Antony Gordon Fri, 28 Mar 2008 13:40:45 -0700

I would think that the information contained in the MS-DOS 6 Programmers 
reference is free of any restrictions related to that lawsuit.


An initial clean room design would allow us to imitate the core functionality 
of DoubleSpace. This would allow us to read the compressed volume files, if for 
no other purpose than compatibility. The next step would be to improve the 
design where it is lacking. 

As far as writing to the file system, DoubleSpace allocates the BitFAT, MDFAT 
and FAT to maximum capacity. The resulting CVF file is maxxed for the drive in 
question, even though in most cases, the CVF will not be large enough to 
require the maximum capacity of these structures. This preallocation allows for 
growing and shrinking the CVF file very quickly. 
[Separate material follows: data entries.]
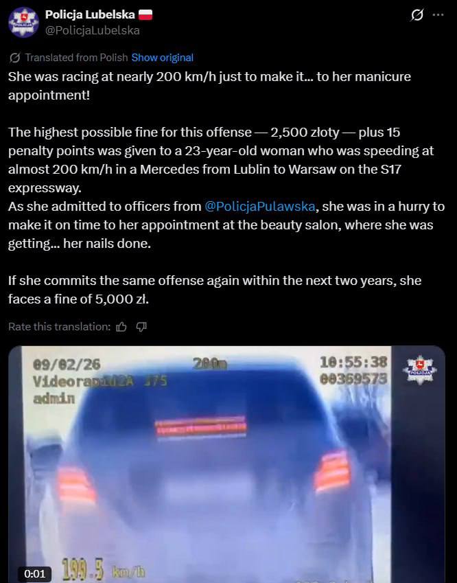 Записи с полицейских видеорегистраторов подтвердили, что девушка ехала на автомобиле Mercedes почти 200 км/ч при установленном на данном участке дороги ограничении скорости 120 км/ч. В официальном заявлении полиции приводится пояснение девушки, которая заявила, что ехала со скоростью 200 км\час из-за того что спешила из Люблина в Варшаву в салон на маникюр.
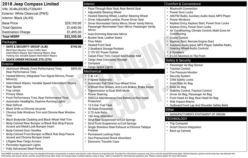 A short drive from Athens, Cambridge, Chillicothe, Circleville, Columbus, Lancaster, Logan, Marietta, Nelsonville, Newark, Pickerington, Pomeroy, and Zanesville in Ohio, as well as Charleston, Clarksburg, Huntington, Morgantown, Parkersburg, Vienna, and Wheeling in West Virginia. 2065 East State St. Athens, OH 45701. Near Ohio University! Down the road from Hocking Hills! Vehicle: 2018 Jeep Compass Limited Price: (live market adjusted) CarFax: True, available today Stock#: F8F0144AT VIN Ending: 3C4NJDCB5JT206491 Delivery: Nationwide delivery available.
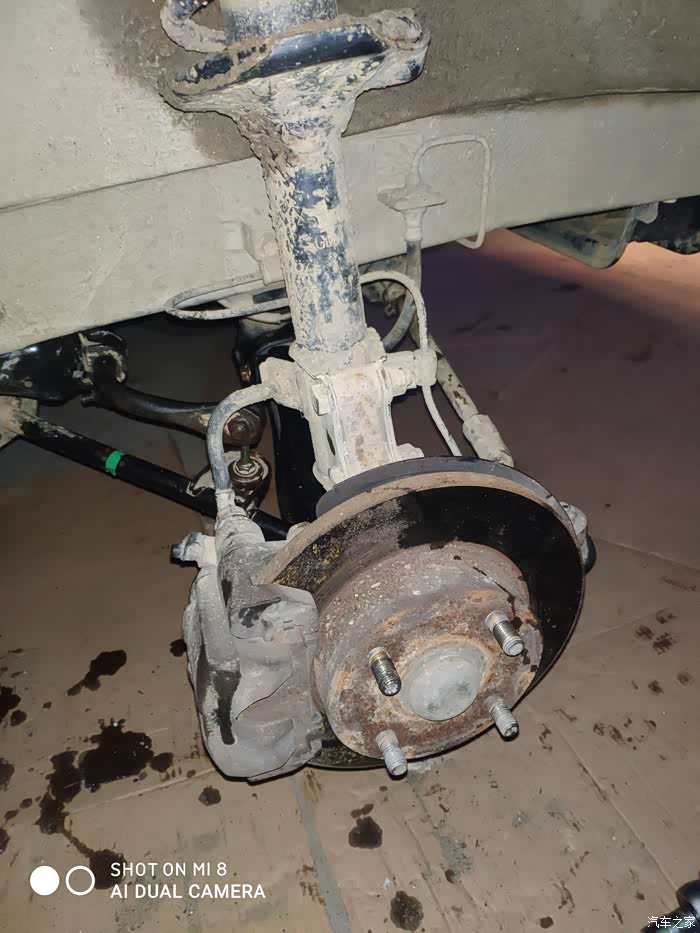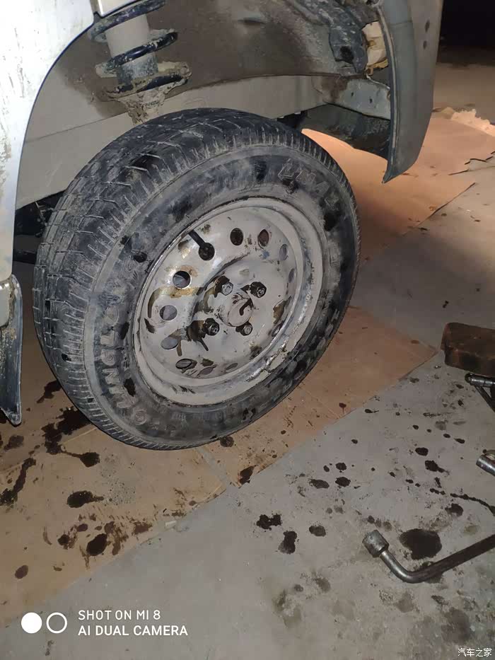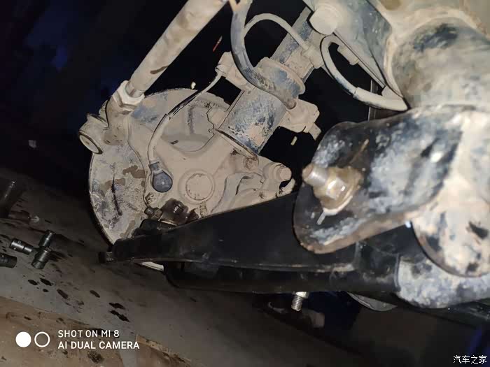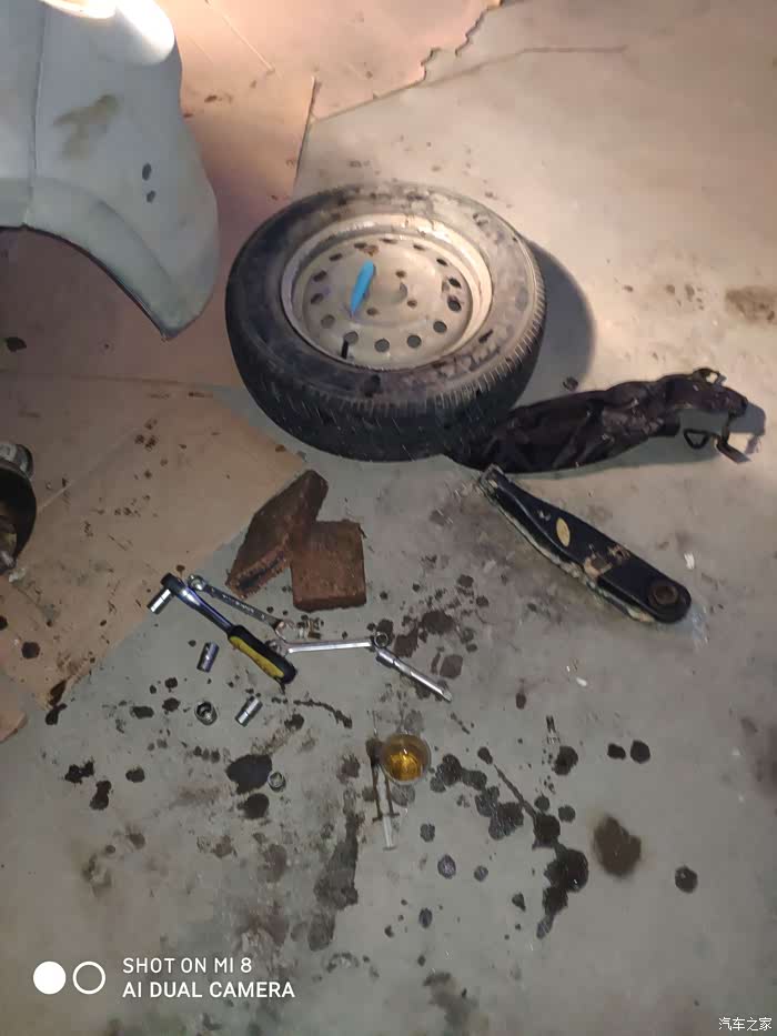 行驶过程中,右边下支臂球头脱落,导致轮胎移位。千斤顶升起,敲进去,继续行驶了十五公里左右到家。(途中掉了几次),基本都是一转弯,大弯就脱落。

The other alternative might involve some sort of GZIP done on each file, so 
there is an 'invisible' decompression each time a file is accessed, and a 
decompression when the file is moved from a volume designated 'compressed' to a 
volume designated 'not compressed'. We can then use the reserved field in the 
BPB to designate a compressed file system or add to the list of FileSystemTypes 
at the end of the BPB (i.e., FAT12C, FAT16C, FAT32C).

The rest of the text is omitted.